> **Required work**
Although pictures appear in the data, the answer should contain only the lines from its start through the line with "Jawatan Kosong Lembaga", written out exactly.

> **Supplied data**
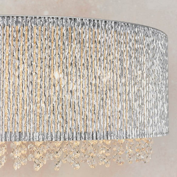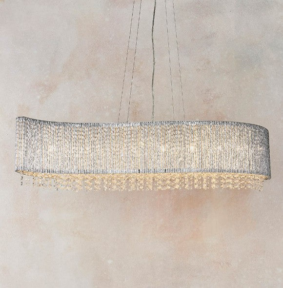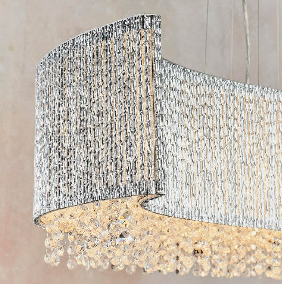 The perfect opulent linear pendant, create striking light patterns with thousands of high quality crystals housed within decorative twisted polished chrome rods formed into a unique sweeping wave shape, the perfect centerpiece for the most loved rooms of your home.
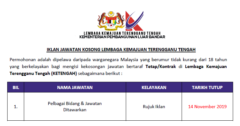 Jawatan Kosong Lembaga Kemajuan Terengganu Tengah Ketengah
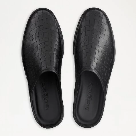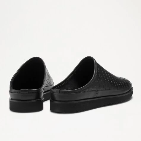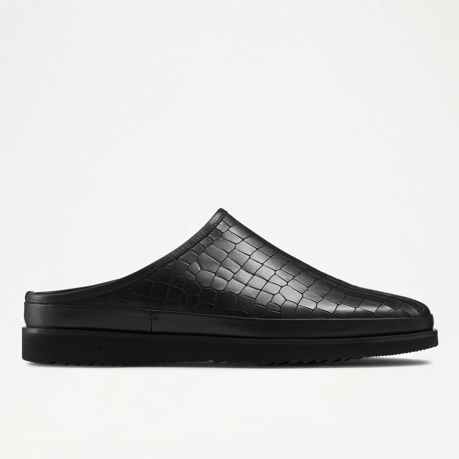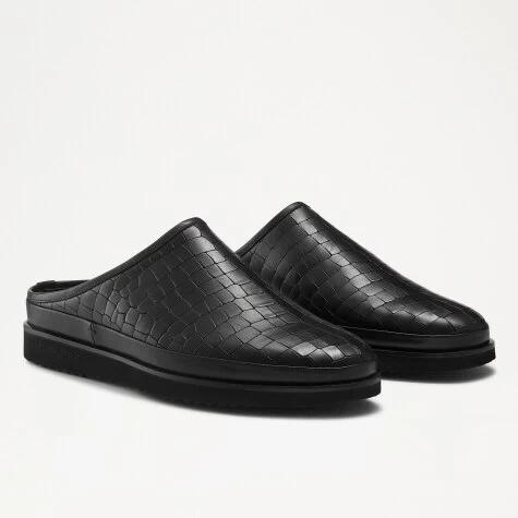 San Cataldo is a luxurious take on the classic sneaker mule. Crafted from buttery soft black crocodile print leather, this warm weather approved design boasts a backless silhouette and accompanying breathable leather lining. Detailed with a smooth leather trim and blind embossed Russell & Bromley logo on the sole, slip into any occasion with this smart sneaker design.

> **Solution**
 The perfect opulent linear pendant, create striking light patterns with thousands of high quality crystals housed within decorative twisted polished chrome rods formed into a unique sweeping wave shape, the perfect centerpiece for the most loved rooms of your home.
 Jawatan Kosong Lembaga Kemajuan Terengganu Tengah Ketengah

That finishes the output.